Vivana schluckte hart. Der Gedanke, den Dämon anzugreifen, erfüllte sie mit Entsetzen. Aber sie konnte nicht untätig zusehen. Wenn sie nichts unternahm, erwürgte er Lucien.
Mit dem Messer in der Hand hastete sie über die Böschung.
Lucien wehrte sich gegen die Umklammerung, doch er war den Kräften seines Gegners nicht gewachsen. Vivana stach zu. Eine Krallenhand des Dämons schnellte vor und erwischte sie am Arm, wodurch sie ihn verfehlte. Der Hieb war so heftig, dass sie zurücktaumelte und fürchtete, ihre Hand sei gebrochen. Lucien machte es sich zu Nutze, dass der Dämon ihn für eine Sekunde losließ, trat der Kreatur mit aller Kraft gegen den Torso und befreite sich so aus dem Würgegriff. Hustend kroch er zu seinem Gürtel.
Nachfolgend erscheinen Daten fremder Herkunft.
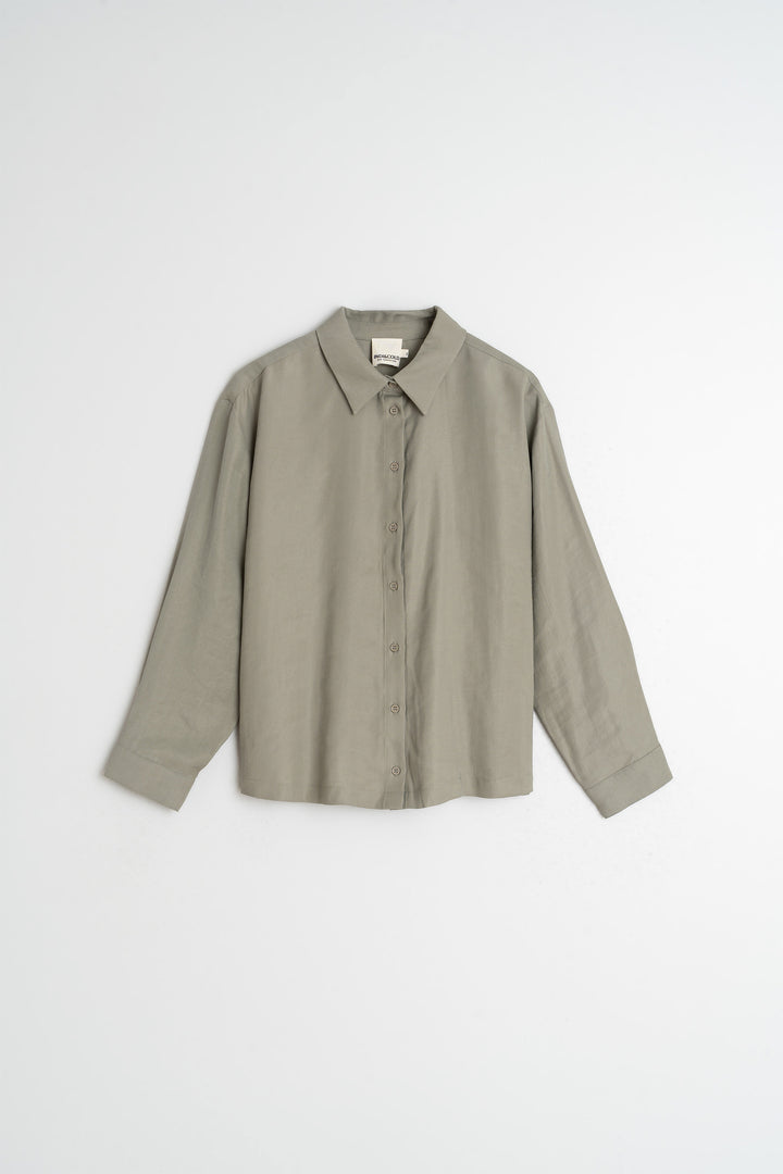 Una camisa de corte clásico con un tejido súper liviano y mucha caída por su composición de modal.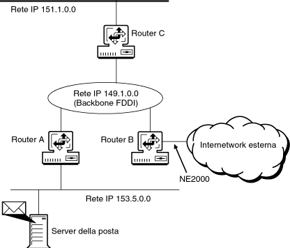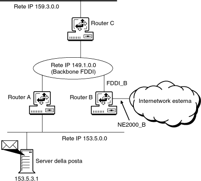 The source of the second filter is all packets originating from external networks. Because the interface NE2000_B is the only connection that Router B has to the external networks, this can be used to specify the source field for this filter. SMTP (Simple Mail Transfer Protocol) is selected from the predefined services list. The allowable destinations are limited to the corporate mail servers. Host 153.5.3.1 is the only mail server defined.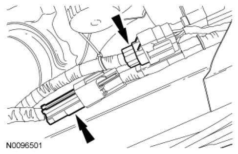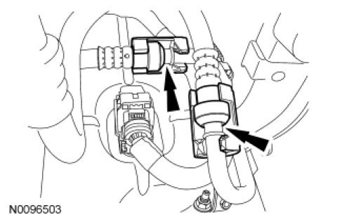 58. Position the transmission fluid cooler tubes in place. Install the transmission fluid cooler tubes in the transaxle by inserting the tube into the fitting until a click is heard/felt. Pull back to confirm connection is secure and install the secondary latches.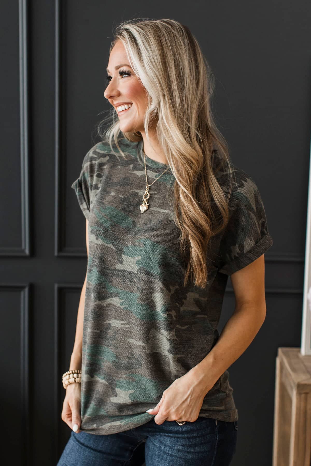 • Lightweight knit material with camo print. **There may be noticeable white threading throughout material. This is part of the material make up and not a defect.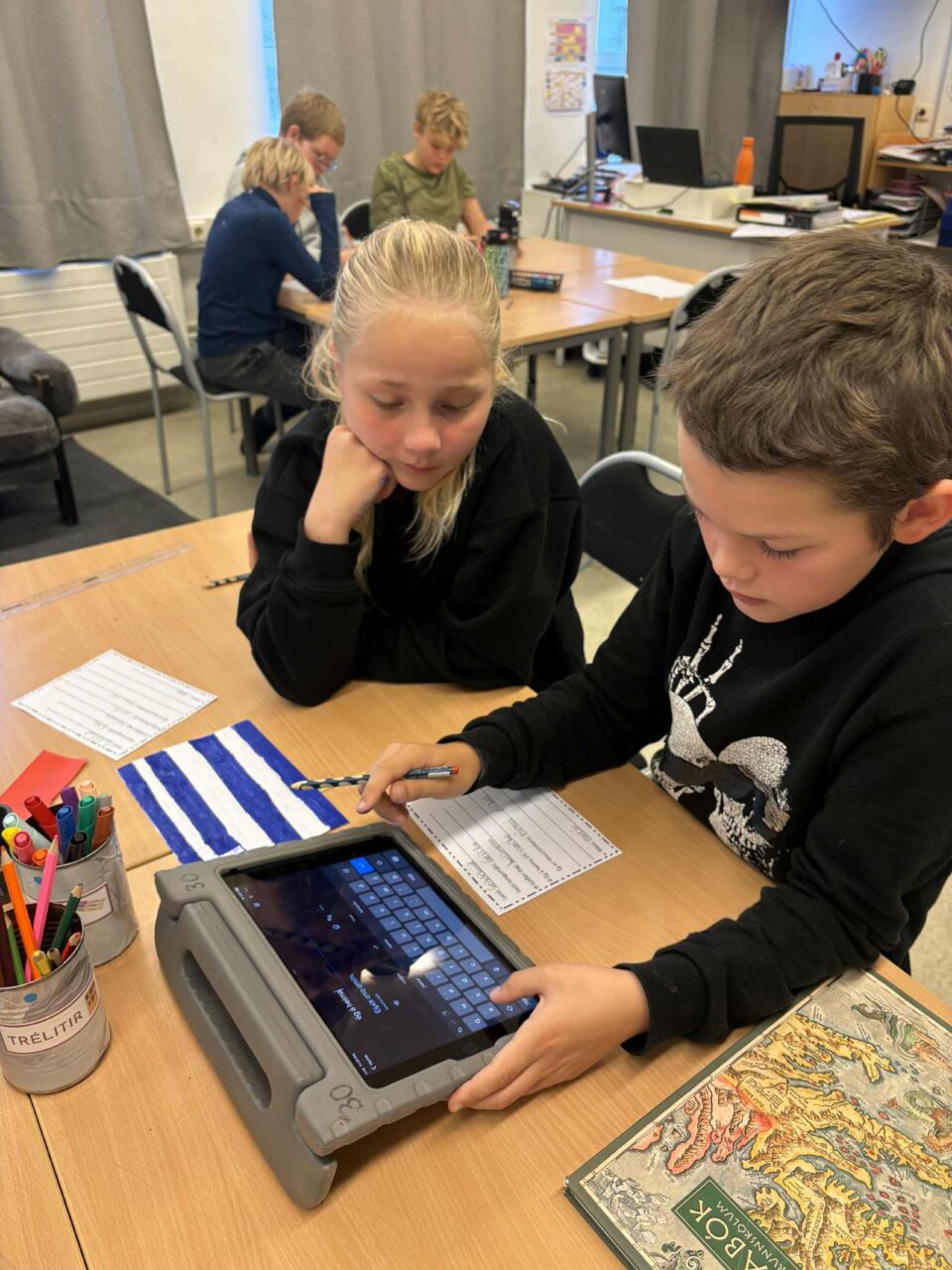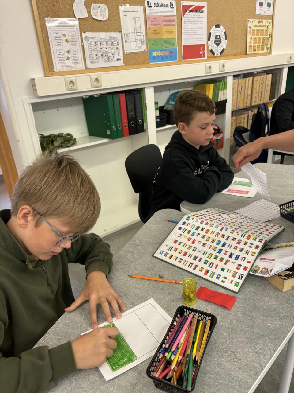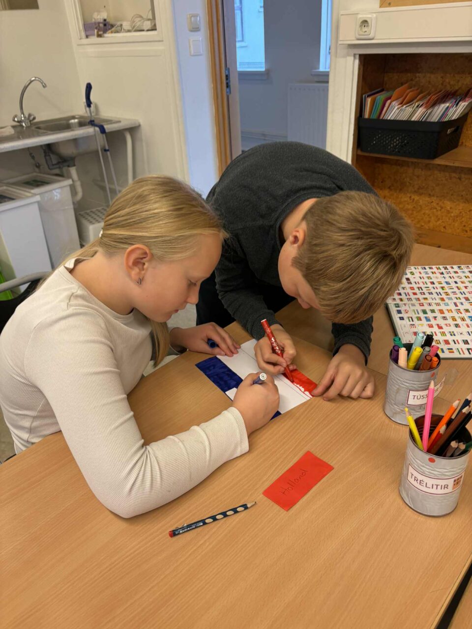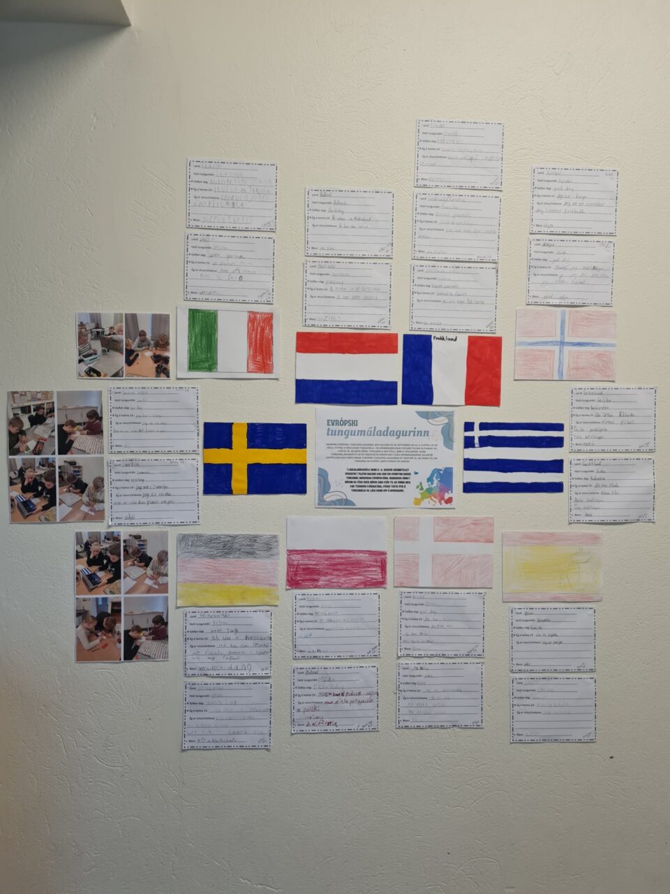 Í Laugalandsskóla vann 4.-6. bekkur skemmtilegt verkefni í tilefni dagsins undir leiðsögn Guðbjargar og Klöru. Þar kynntu nemendur sér tungumál nokkurra Evrópuþjóða. Nemendur unnu í hópum og fékk hver hópur eina þjóð til að vinna með. Þau teiknuðu þjóðarfána, þýddu texta yfir á tungumálið og lásu hann upp á myndbandi. Hér má sjá myndir af þeirri vinnu sem og afrakstrinum.

Der Dämon richtete sich auf; seine beiden Münder glichen zahnbewehrten Halbmonden. »Pass auf!«, rief Vivana Lucien zu, als sich die Kreatur abermals dem Alb näherte.
In diesem Moment trat ihr Vater hinter dem Felsen hervor. In den Händen hielt er einen Steinbrocken, der so groß war wie ihr Tragekorb und den er nur dank seiner mechanischen Hand heben konnte. Der Dämon bemerkte ihn und wirbelte herum, doch es gelang ihm nicht rechtzeitig, auszuweichen oder ihren Vater niederzuschlagen. Der Stein krachte gegen seinen Kopf und schleuderte ihn zu Boden, wo er benommen liegen blieb. Vivana wandte sich ab, als ihr Vater den Felsbrocken aufhob und ihn auf die Kreatur herabsausen ließ.
Im nächsten Augenblick war alles vorbei. Vivana war mit einem Schlag so erschöpft, dass sie sich setzen musste. Ruac kam zu ihr gewatschelt, und sie streichelte ihm über den Kopf.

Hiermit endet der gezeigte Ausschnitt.